Who? Me or him? remember, he has a badass tattoo and I just have a bad a55 tattoo.


----------



## Kevin001 (Jan 2, 2015)

KILOBRAVO said:


> Who? Me or him? remember, he has a badass tattoo and I just have a bad a55 tattoo.


OP lol


----------



## Ms kim (May 15, 2017)

That's very unfortunate :frown2:


----------



## CloudChaser (Nov 7, 2013)




----------



## anonymous54197405123 (Dec 26, 2018)

I too have a badass tattoo. Its a crazy story how I got it. It’s not clothedly visible though, and when I’m in situations where people see it, they’re just surprised and ask me a ton of questions about it and it’s really awkward. I wish I didn’t have mine but good for you that yours has given you newfound clout.


----------



## Danishgal (Dec 15, 2018)

beautyandrage said:


> when i earned my tear drop tattoo i overcame my social anxiety.


. Nnnice!


----------



## Danishgal (Dec 15, 2018)

Kevin001 said:


> Post a pic.


 it's on my hand. Cara delavinge style


----------



## funnynihilist (Jul 29, 2014)

you edgy af


----------



## nubly (Nov 2, 2006)

Street cred?? Pfft. Get back to me when your cellie bf gives you a tat.
_Posted via Mobile Device_


----------



## 3stacks (Sep 27, 2014)

I'd probably need a Mike Tyson face one to look even a little bit intimidating lol


----------



## 0589471 (Apr 21, 2012)

3stacks said:


> I'd probably need a Mike Tyson face one to look even a little bit intimidating lol


Ahh yes I can see it now. You:


----------



## Danishgal (Dec 15, 2018)

Hand tattoo is the way to go. I will get another one if I need to, no one stares at me for more than 2 secs 🖕


----------



## Danishgal (Dec 15, 2018)

A Toxic Butterfly said:


> 3stacks said:
> 
> 
> > I'd probably need a Mike Tyson face one to look even a little bit intimidating lol
> ...


Haha &#128076;


----------



## Danishgal (Dec 15, 2018)

I own the street now. My sa is 90% gone


----------



## 3stacks (Sep 27, 2014)

A Toxic Butterfly said:


> Ahh yes I can see it now. You:


Lmao! That smile is creepy so if I combine that smile with that tattoo then I'll be feared in no time.


----------



## 0589471 (Apr 21, 2012)

3stacks said:


> Lmao! That smile is creepy so if I combine that smile with that tattoo then I'll be feared in no time.

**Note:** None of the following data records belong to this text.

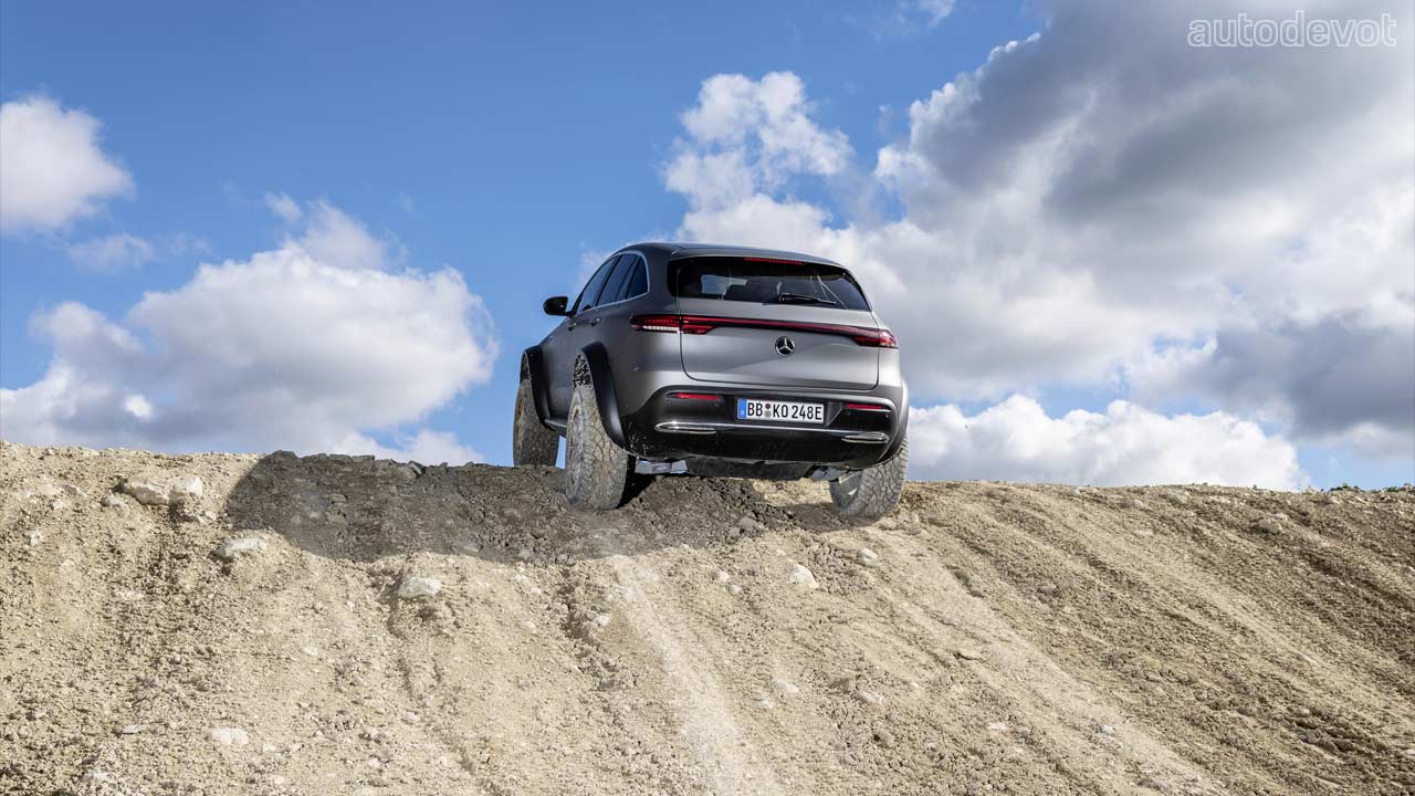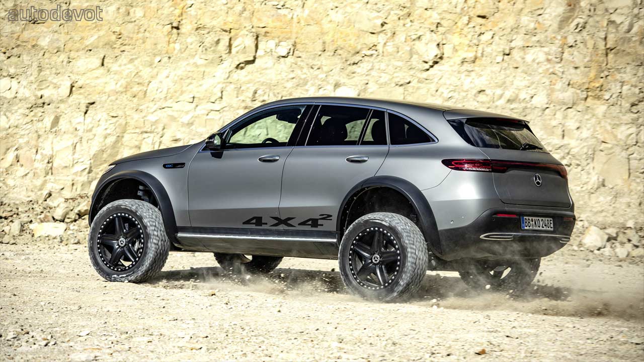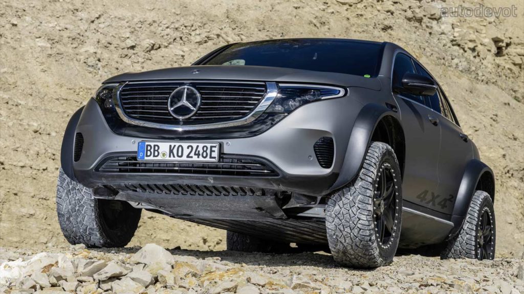 No power upgrades for the EQC 4×4², not that it requires any. The standard EQC already boasts 408 hp (300 kW) and 765 Nm (564 lb-ft) of torque, with juice supplied by an 80 kWh lithium-ion battery pack. However, this rock crawler might not offer the same official 450+ km (280+ mi) WLTP range as the standard one.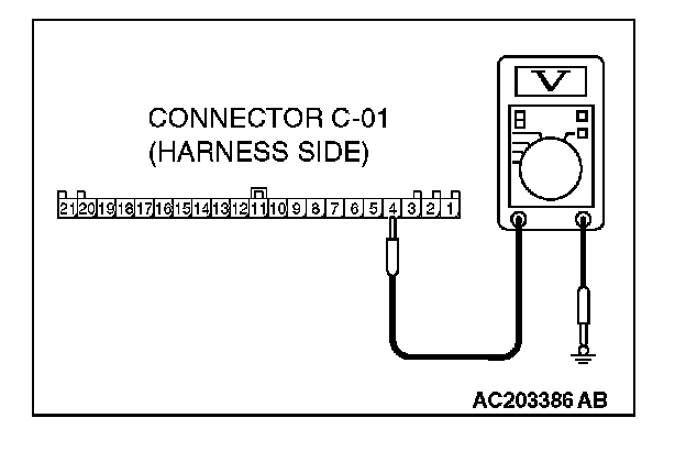 1. Disconnect combination meter connector C-01 and measure the voltage available at the wiring component side of the connector.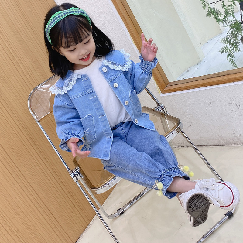 Детский осенний джинсовый комплект, коллекция 2023, в западном стиле, детская одежда, популярно в интернете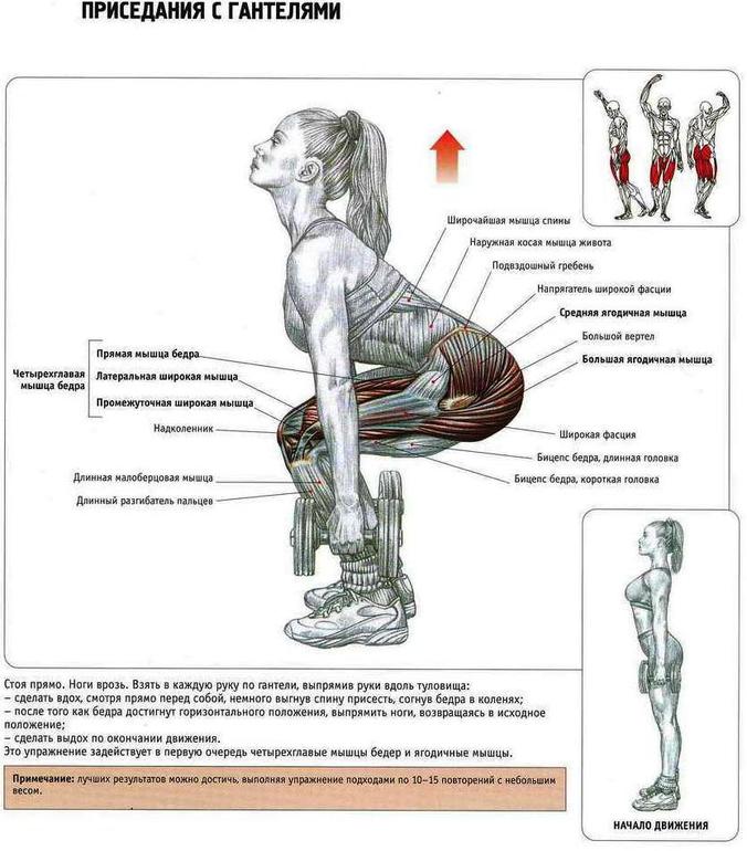 Всю книгу я оставляю на индивидуальное ознакомление в библиотеке, а сейчас то, что мы будем делать вместе по 20 раз каждое, количество подходов любое, в приседаниях вес не меньше 3 кг в каждой руке (это силовые, детка!):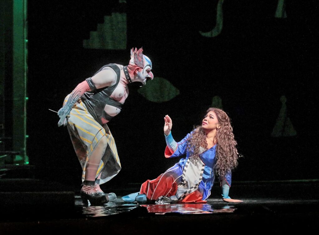 Hautfarbenwechsel: Der ehemalige Mohr Monostatos trägt eine fratzenhafte, helle Maske, Pamina wird von einer dunkelhäutigen Sopranistin dargestellt.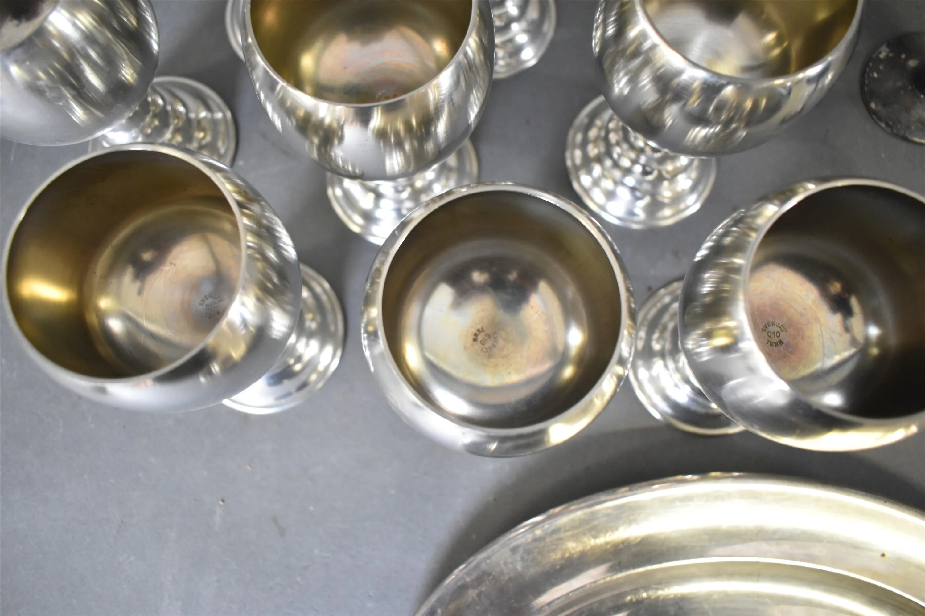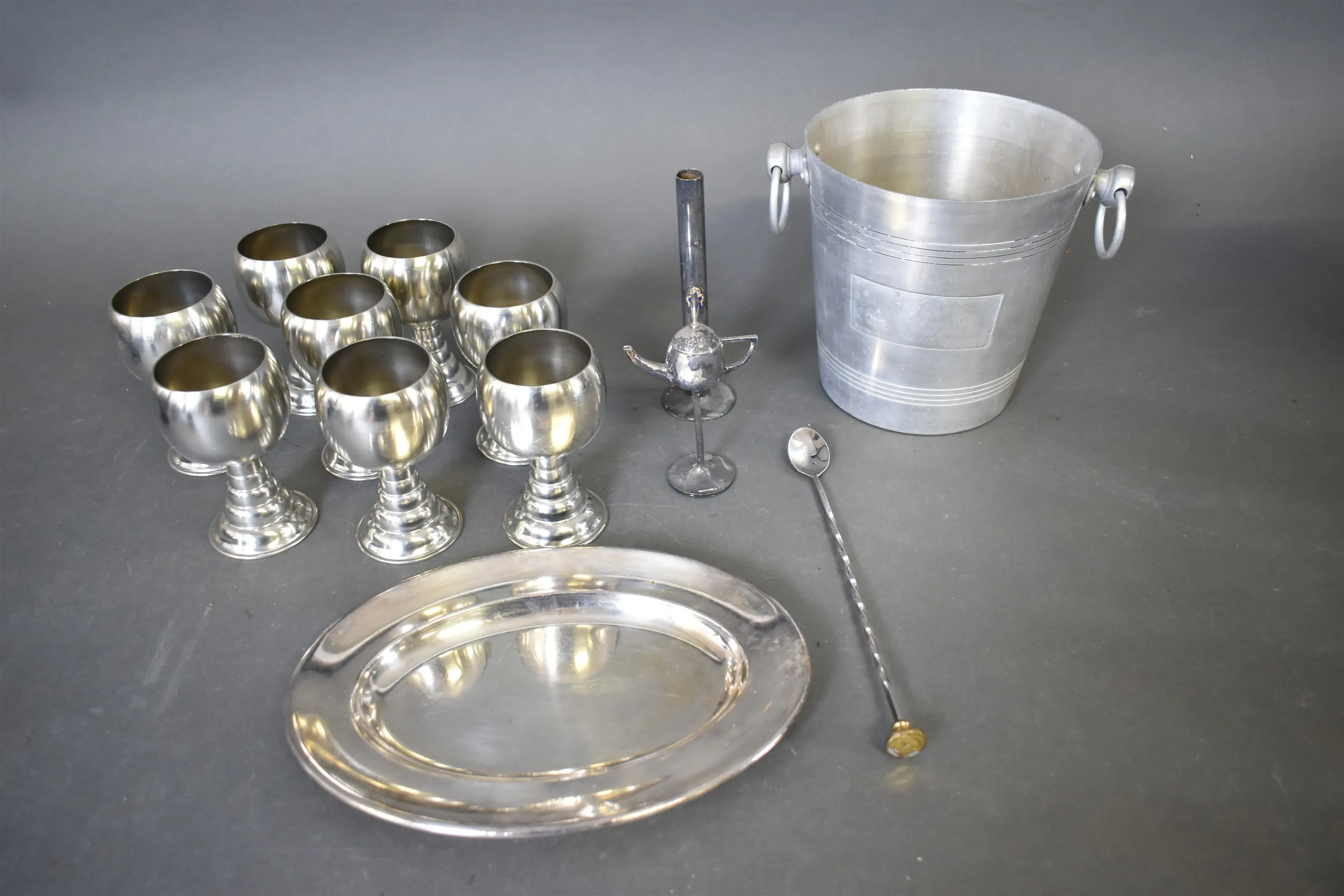 10481. Parti metall bl.a tennbägare, & ishink, högsta 20 cm

exactly. show them teeth stacks.


----------



## Danishgal (Dec 15, 2018)

3stacks said:


> A Toxic Butterfly said:
> 
> 
> > Ahh yes I can see it now. You:
> ...


It looks like Tylot Swift


----------



## 0589471 (Apr 21, 2012)

Danishgal said:


> It looks like Taylor Swift


OMG I can see it. Something about the eyes and mouth shape. That's hilarious.


----------



## 3stacks (Sep 27, 2014)

Danishgal said:


> 3stacks said:
> 
> 
> > A Toxic Butterfly said:
> ...


 hahaha it really does. That's her new image after another break up


----------



## 0589471 (Apr 21, 2012)

3stacks said:


> hahaha it really does. That's her new image after another break up


hahahaha I would pay a small sum to see that Photoshop.


----------



## 3stacks (Sep 27, 2014)

A Toxic Butterfly said:


> 3stacks said:
> 
> 
> > hahaha it really does. That's her new image after another break up
> ...


 Well then. I did this on my phone dont judge my terrible skills haha. I even added a weird smile. (Too much time on my hands).


----------



## 0589471 (Apr 21, 2012)

3stacks said:


> Well then. I did this on my phone dont judge my terrible skills haha. I even added a weird smile. (Too much time on my hands).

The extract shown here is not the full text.